Educado, reflexivo, culto y tranquilo en sus formas, ese artista que desde hace tiempo llamamos El Roto, gran dibujante y pintor de líneas claras y asuntos perversos, periodismo necesario el que ejerce desde más 50 años. Viene de la gran tradición de nuestro humor gráfico, de nuestra sátira goyesca y de nuestra literatura cargada de humor ante la tragedia nuestra de cada día. «El mundo es fascinante, pero es horrible», decía con su irónica desnudez Josep Pla.
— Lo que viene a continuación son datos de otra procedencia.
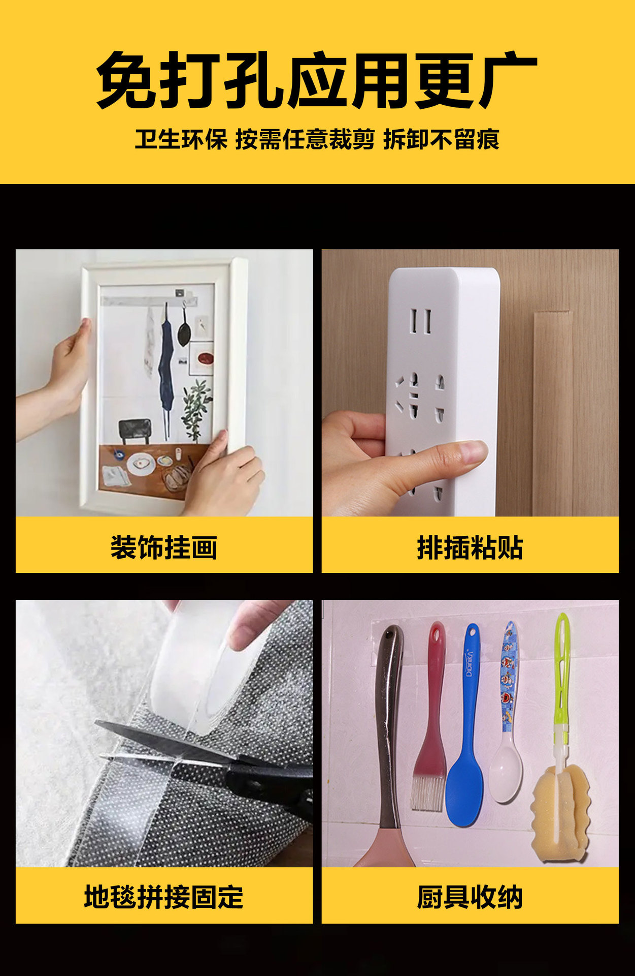 공장 재고 나노 양면 접착 강한 높은 스틱 후크 이동식 투명 아크릴 추적 방수 작은 튜브 테이프스토어 가기

El mismo escritor que se admiraba y se levantaba cada día con un deseo: «¡Si fuera posible sacar un brazo de la cama sin peligro!» No es posible, sin embargo, nos levantamos, tomamos un café, fumamos un cigarro, abrimos el periódico y nos encontramos con ese artículo, editorial, dibujo, ensayo y espejo de la realidad que son las viñetas de Rábago –ya sea aquel Ops o este Roto– y nos dan ganas de volver a la cama. No lo hacemos.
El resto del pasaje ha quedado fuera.